■ Problem statement: Copy the entries exactly, through the "- Botones de" line.

(Records from a collection)
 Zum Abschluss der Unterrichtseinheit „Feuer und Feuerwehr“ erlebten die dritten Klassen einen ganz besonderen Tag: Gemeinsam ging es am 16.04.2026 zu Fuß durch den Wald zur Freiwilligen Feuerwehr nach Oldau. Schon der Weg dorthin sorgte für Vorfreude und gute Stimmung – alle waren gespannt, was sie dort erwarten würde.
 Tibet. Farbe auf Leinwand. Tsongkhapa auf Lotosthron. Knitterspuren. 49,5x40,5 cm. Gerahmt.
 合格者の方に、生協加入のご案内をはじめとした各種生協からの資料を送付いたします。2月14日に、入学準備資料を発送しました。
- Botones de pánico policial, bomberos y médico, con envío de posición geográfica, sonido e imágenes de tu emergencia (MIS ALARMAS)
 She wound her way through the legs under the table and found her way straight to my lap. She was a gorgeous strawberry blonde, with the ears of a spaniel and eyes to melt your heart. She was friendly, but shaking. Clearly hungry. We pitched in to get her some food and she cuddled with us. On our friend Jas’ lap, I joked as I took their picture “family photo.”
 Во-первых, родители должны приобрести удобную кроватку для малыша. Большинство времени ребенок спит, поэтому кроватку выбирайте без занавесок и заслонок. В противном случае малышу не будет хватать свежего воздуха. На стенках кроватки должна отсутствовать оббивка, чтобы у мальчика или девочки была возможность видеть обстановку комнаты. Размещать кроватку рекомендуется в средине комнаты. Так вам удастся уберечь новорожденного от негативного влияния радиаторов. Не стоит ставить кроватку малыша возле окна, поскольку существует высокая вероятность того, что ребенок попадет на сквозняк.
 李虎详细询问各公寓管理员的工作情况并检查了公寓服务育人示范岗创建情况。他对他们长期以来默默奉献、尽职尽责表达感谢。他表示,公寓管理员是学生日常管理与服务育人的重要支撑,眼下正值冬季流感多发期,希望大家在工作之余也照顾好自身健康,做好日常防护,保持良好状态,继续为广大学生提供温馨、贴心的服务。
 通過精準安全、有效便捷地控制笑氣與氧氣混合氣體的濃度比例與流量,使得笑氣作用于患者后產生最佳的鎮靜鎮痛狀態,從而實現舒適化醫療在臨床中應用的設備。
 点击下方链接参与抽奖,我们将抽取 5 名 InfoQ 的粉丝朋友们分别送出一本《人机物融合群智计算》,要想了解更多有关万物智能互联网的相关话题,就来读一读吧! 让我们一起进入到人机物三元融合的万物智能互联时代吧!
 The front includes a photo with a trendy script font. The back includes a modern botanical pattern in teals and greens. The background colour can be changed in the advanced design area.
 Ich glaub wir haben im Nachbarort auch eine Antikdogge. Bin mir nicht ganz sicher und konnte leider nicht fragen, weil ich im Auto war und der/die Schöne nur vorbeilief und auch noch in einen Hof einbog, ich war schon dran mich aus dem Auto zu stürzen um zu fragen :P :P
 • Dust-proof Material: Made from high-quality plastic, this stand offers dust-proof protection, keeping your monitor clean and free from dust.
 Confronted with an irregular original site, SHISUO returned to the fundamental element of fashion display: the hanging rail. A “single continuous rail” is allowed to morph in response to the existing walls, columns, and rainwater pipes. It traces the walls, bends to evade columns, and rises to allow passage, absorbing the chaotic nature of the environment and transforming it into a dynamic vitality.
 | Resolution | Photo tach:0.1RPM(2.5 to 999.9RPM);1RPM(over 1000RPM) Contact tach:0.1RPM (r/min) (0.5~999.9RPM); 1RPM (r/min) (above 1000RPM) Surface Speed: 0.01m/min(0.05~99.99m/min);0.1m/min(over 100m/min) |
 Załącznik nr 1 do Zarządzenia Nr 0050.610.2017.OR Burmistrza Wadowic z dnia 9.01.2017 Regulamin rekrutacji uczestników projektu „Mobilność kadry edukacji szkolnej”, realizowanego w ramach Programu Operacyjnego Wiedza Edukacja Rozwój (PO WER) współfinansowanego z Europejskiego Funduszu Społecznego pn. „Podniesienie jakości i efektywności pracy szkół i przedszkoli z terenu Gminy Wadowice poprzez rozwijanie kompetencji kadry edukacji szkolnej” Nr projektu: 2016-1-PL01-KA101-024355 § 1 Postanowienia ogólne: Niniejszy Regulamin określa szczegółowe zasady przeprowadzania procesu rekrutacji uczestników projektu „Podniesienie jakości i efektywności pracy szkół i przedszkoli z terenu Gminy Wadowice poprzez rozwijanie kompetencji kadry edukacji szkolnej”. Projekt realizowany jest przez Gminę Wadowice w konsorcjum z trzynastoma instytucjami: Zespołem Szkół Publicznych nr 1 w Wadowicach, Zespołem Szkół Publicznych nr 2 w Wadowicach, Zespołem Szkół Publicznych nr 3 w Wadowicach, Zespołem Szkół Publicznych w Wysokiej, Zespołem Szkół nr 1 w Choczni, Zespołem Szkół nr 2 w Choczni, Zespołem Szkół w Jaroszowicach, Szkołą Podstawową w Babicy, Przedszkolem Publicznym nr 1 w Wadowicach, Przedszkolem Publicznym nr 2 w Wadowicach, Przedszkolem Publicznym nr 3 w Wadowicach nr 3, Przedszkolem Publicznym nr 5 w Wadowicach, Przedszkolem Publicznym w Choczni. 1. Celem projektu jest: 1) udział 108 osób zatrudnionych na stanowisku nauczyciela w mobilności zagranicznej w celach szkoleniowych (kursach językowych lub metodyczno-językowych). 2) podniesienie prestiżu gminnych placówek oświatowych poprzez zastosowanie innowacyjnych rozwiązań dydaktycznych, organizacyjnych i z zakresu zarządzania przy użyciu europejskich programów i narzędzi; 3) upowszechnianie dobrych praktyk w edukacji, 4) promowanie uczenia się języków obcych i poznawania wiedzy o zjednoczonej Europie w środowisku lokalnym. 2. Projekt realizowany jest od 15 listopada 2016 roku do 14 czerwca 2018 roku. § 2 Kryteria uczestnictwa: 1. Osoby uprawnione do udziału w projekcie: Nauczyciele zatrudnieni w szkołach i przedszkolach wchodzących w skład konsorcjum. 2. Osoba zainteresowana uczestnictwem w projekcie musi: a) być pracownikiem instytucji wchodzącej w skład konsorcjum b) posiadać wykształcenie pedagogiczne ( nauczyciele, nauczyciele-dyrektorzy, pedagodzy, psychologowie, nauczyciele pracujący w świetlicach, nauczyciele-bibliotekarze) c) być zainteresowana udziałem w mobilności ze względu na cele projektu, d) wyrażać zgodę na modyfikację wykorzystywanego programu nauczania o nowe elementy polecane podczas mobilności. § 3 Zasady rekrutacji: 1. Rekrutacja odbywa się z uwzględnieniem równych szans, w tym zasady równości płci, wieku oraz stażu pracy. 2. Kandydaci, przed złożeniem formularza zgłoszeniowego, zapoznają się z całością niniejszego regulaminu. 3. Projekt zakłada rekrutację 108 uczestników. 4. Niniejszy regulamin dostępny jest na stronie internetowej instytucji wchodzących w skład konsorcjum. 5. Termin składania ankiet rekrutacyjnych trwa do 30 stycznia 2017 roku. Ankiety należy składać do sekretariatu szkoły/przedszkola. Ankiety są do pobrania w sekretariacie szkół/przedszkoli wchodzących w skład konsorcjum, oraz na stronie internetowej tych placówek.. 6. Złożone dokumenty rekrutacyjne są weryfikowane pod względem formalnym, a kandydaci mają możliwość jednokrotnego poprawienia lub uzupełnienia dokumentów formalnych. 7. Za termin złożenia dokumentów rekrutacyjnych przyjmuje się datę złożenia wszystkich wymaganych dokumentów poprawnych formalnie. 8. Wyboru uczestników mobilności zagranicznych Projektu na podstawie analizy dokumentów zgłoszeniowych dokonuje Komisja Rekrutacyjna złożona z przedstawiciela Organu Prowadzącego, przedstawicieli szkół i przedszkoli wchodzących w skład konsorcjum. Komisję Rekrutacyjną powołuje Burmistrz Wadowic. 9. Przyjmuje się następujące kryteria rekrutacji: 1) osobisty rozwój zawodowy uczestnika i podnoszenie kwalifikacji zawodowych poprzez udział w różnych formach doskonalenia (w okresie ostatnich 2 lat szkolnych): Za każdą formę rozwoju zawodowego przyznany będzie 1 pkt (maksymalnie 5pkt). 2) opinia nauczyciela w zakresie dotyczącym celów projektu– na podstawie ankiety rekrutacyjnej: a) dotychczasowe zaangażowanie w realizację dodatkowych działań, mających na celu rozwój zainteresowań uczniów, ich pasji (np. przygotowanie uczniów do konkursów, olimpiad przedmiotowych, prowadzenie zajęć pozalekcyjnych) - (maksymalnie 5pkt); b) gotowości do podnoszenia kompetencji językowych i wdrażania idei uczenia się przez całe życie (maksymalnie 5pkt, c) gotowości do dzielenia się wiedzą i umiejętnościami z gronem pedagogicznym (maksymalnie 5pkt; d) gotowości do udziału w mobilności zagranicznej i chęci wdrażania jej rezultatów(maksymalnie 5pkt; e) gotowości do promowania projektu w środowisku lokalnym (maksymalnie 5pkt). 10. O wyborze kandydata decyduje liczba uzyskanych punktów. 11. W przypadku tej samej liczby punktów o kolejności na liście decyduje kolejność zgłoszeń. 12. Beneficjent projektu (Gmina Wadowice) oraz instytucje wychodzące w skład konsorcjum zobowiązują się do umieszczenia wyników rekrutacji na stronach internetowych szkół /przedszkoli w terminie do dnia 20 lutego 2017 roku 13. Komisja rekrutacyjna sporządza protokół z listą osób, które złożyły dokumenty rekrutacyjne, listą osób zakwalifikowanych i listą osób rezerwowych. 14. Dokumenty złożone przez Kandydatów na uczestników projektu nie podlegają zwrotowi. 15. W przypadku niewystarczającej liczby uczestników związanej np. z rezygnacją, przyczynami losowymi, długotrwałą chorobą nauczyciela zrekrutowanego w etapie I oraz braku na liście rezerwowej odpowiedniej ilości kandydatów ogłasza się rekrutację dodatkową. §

■ Response to this task:
 Zum Abschluss der Unterrichtseinheit „Feuer und Feuerwehr“ erlebten die dritten Klassen einen ganz besonderen Tag: Gemeinsam ging es am 16.04.2026 zu Fuß durch den Wald zur Freiwilligen Feuerwehr nach Oldau. Schon der Weg dorthin sorgte für Vorfreude und gute Stimmung – alle waren gespannt, was sie dort erwarten würde.
 Tibet. Farbe auf Leinwand. Tsongkhapa auf Lotosthron. Knitterspuren. 49,5x40,5 cm. Gerahmt.
 合格者の方に、生協加入のご案内をはじめとした各種生協からの資料を送付いたします。2月14日に、入学準備資料を発送しました。
- Botones de pánico policial, bomberos y médico, con envío de posición geográfica, sonido e imágenes de tu emergencia (MIS ALARMAS)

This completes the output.